◆ Instructions to follow ◆
The answer is the full listing below, copied exactly, with its pictures omitted.

◆ Dataset extract ◆
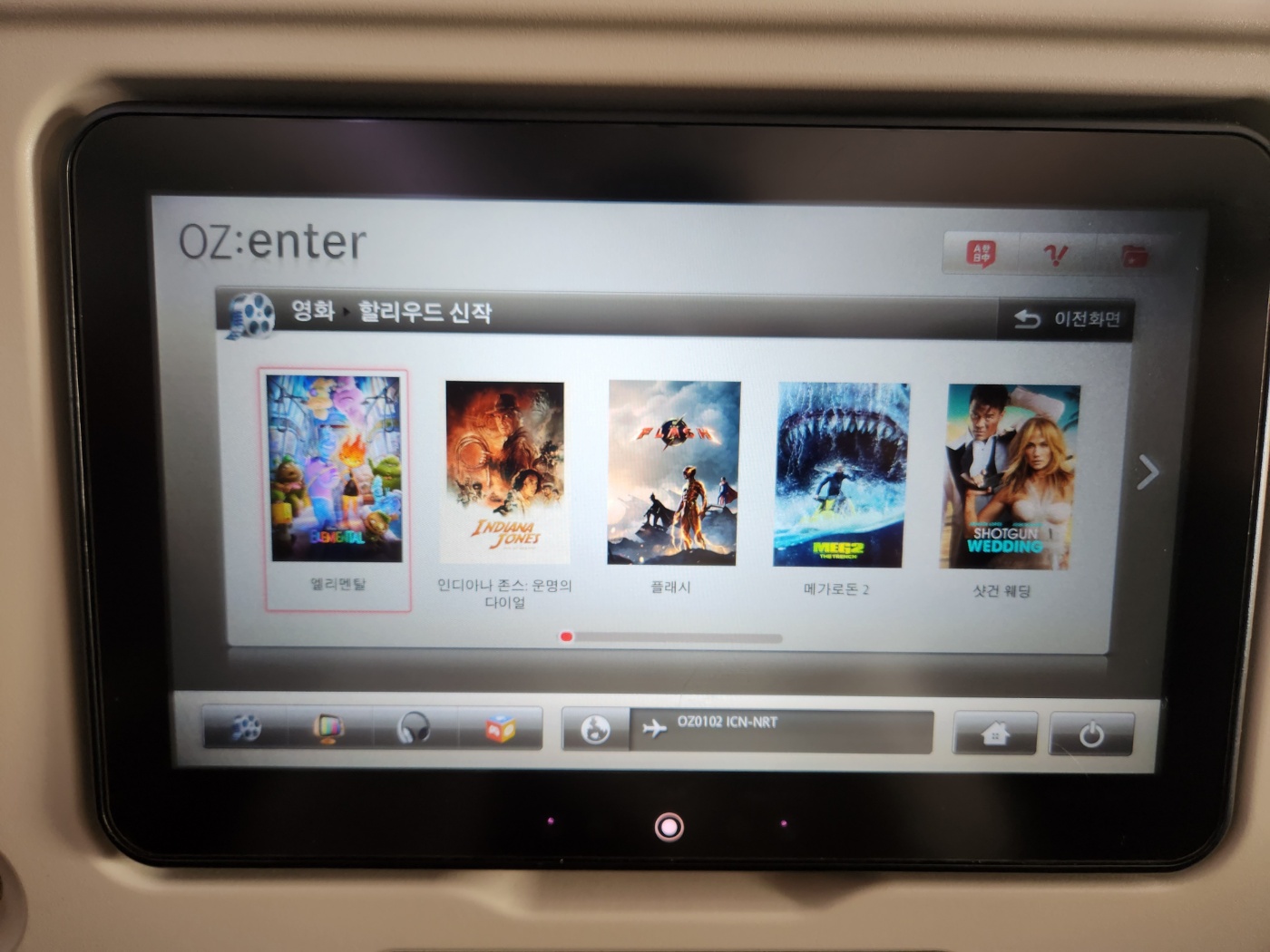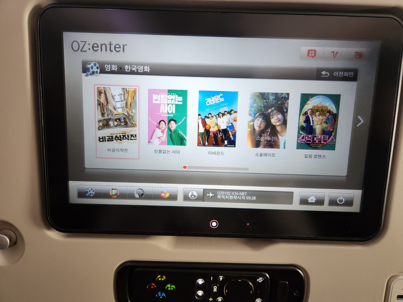 4. 아시아나 항공(OZ0102편) 기내 엔터테인먼트
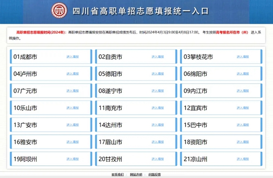 考生登錄四川省教育考試院官網,可點擊圖1中“四川省2024年高職單招系統入口”或“2024年高職單招專欄”進入高職單招信息管理系統志愿填報統一入口頁面,考生按照高考報名所在市(州)進入系統進行志愿填報,如圖2:
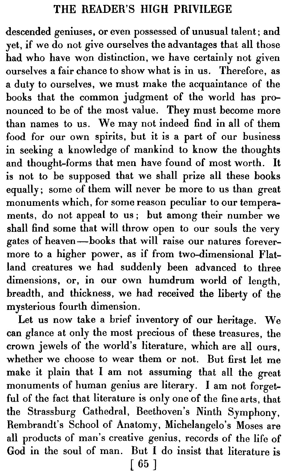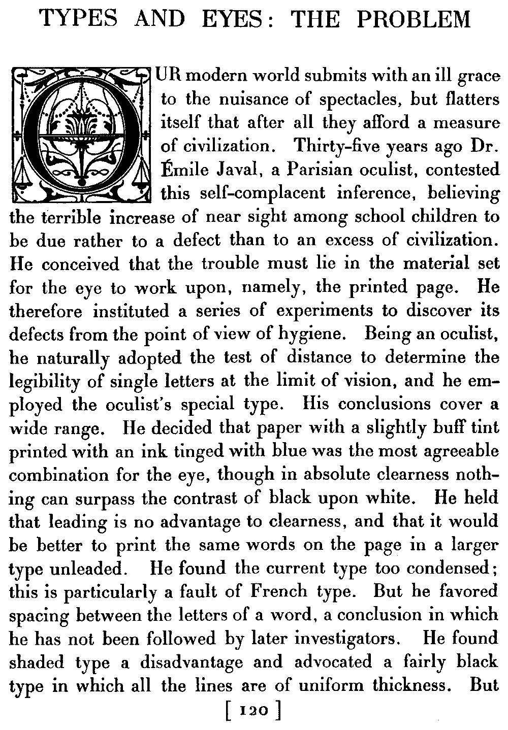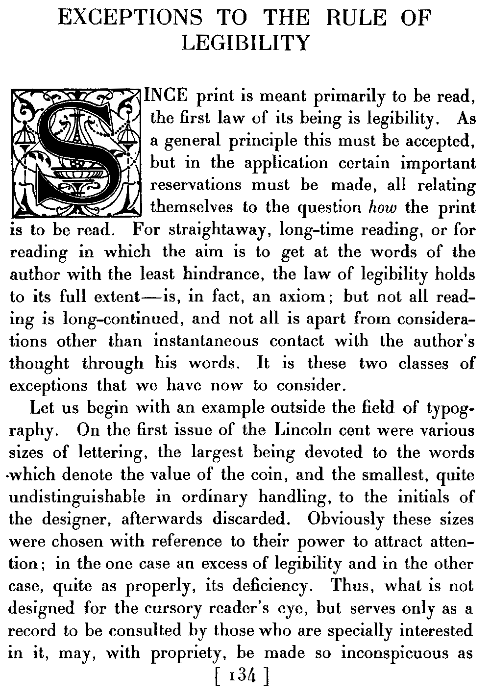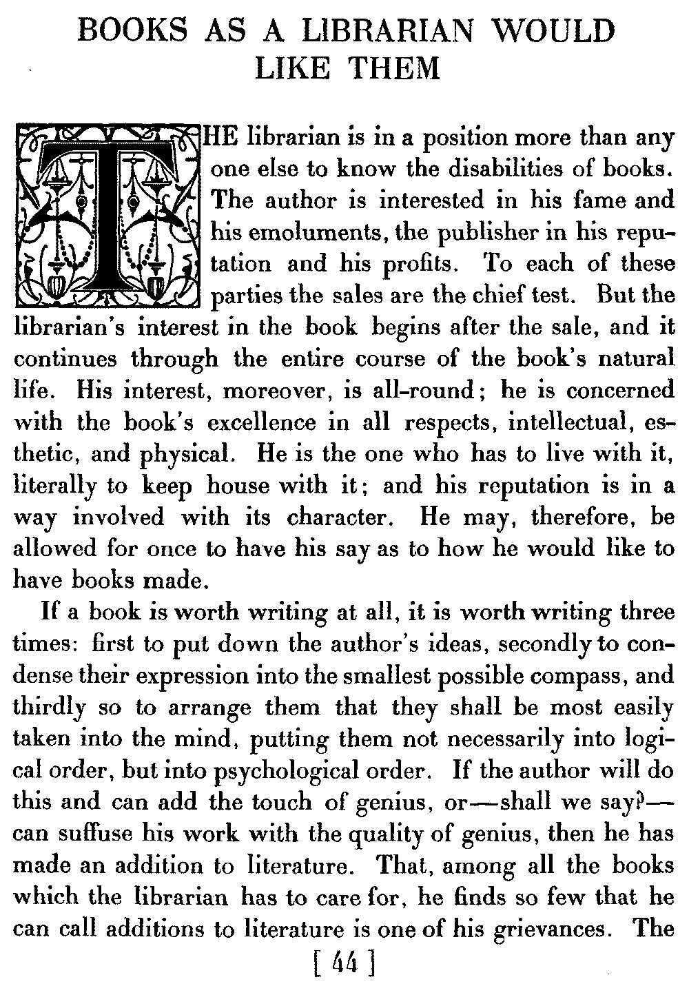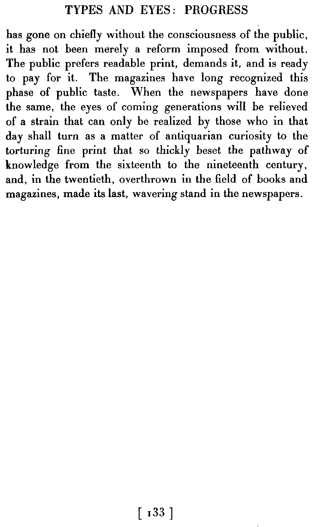 It is surely not an extreme assumption that the first duty of the printer is to the meaning of his author, and his second to esthetics; but shall we not rather say that his duty is to meet both demands, not by a compromise, but by a complete satisfaction of each? A difficult requirement, surely, but one that we are confident the twentieth-century printer will not permit his critics to pronounce impossible.

◆ Answer to this task ◆
 4. 아시아나 항공(OZ0102편) 기내 엔터테인먼트
 考生登錄四川省教育考試院官網,可點擊圖1中“四川省2024年高職單招系統入口”或“2024年高職單招專欄”進入高職單招信息管理系統志愿填報統一入口頁面,考生按照高考報名所在市(州)進入系統進行志愿填報,如圖2:
 It is surely not an extreme assumption that the first duty of the printer is to the meaning of his author, and his second to esthetics; but shall we not rather say that his duty is to meet both demands, not by a compromise, but by a complete satisfaction of each? A difficult requirement, surely, but one that we are confident the twentieth-century printer will not permit his critics to pronounce impossible.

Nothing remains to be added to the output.